[Start of section]
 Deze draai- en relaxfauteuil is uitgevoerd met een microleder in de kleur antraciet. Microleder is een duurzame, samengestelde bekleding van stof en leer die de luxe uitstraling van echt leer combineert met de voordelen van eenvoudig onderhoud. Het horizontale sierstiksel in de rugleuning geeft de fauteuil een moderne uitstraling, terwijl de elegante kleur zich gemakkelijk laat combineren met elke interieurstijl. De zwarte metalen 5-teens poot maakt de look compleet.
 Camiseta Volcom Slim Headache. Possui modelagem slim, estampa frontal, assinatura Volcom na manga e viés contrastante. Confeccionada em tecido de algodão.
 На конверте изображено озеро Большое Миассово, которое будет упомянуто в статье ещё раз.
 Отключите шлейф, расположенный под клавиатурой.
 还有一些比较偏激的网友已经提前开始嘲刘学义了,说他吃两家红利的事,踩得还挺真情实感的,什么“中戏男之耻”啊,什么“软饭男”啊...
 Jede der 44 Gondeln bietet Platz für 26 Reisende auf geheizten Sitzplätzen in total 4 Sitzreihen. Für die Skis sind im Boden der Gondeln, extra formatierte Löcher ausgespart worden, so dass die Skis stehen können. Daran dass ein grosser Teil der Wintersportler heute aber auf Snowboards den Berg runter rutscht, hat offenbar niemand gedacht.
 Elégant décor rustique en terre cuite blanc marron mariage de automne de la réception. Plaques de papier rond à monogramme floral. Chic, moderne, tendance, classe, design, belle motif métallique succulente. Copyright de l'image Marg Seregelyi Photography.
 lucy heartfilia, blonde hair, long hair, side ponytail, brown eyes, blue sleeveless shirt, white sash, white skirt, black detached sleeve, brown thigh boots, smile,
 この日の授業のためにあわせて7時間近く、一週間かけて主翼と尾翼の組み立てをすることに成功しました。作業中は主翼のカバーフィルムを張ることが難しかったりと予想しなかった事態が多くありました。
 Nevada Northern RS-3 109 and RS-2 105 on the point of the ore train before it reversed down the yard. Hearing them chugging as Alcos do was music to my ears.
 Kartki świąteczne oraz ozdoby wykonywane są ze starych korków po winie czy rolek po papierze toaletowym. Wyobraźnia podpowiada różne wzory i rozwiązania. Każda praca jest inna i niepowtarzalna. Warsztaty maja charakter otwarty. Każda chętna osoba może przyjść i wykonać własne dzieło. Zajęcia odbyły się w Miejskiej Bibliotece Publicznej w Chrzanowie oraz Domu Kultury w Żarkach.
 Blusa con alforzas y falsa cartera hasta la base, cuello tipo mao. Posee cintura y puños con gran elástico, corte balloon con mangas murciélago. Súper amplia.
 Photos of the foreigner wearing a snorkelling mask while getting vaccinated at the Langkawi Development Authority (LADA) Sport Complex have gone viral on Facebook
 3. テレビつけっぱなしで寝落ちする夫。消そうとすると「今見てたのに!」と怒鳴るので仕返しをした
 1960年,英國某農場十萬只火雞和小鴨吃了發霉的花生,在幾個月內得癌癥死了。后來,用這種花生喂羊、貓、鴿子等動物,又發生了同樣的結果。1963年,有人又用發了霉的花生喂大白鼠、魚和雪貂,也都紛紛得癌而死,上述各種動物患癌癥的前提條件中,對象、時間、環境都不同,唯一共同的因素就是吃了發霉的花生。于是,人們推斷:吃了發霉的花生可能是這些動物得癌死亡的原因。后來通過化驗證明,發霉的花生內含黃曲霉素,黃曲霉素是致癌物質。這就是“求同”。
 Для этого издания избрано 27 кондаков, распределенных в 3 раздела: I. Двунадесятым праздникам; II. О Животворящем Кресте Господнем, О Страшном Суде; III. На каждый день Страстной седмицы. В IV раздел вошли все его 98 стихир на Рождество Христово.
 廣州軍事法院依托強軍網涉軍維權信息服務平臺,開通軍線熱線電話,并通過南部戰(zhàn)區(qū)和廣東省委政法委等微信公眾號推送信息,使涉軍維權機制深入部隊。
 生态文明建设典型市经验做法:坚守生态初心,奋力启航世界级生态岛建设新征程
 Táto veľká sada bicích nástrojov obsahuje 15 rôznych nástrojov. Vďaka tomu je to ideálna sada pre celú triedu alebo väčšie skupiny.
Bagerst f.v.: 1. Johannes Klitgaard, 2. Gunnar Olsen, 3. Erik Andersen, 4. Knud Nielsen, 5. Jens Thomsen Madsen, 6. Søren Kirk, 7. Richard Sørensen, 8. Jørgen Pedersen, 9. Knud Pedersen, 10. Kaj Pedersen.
[End of section]
Exercise: Reproduce, line for line, the material, starting at its first line, and end once the line holding "Camiseta Volcom Slim" has been output.

Answer section:
 Deze draai- en relaxfauteuil is uitgevoerd met een microleder in de kleur antraciet. Microleder is een duurzame, samengestelde bekleding van stof en leer die de luxe uitstraling van echt leer combineert met de voordelen van eenvoudig onderhoud. Het horizontale sierstiksel in de rugleuning geeft de fauteuil een moderne uitstraling, terwijl de elegante kleur zich gemakkelijk laat combineren met elke interieurstijl. De zwarte metalen 5-teens poot maakt de look compleet.
 Camiseta Volcom Slim Headache. Possui modelagem slim, estampa frontal, assinatura Volcom na manga e viés contrastante. Confeccionada em tecido de algodão.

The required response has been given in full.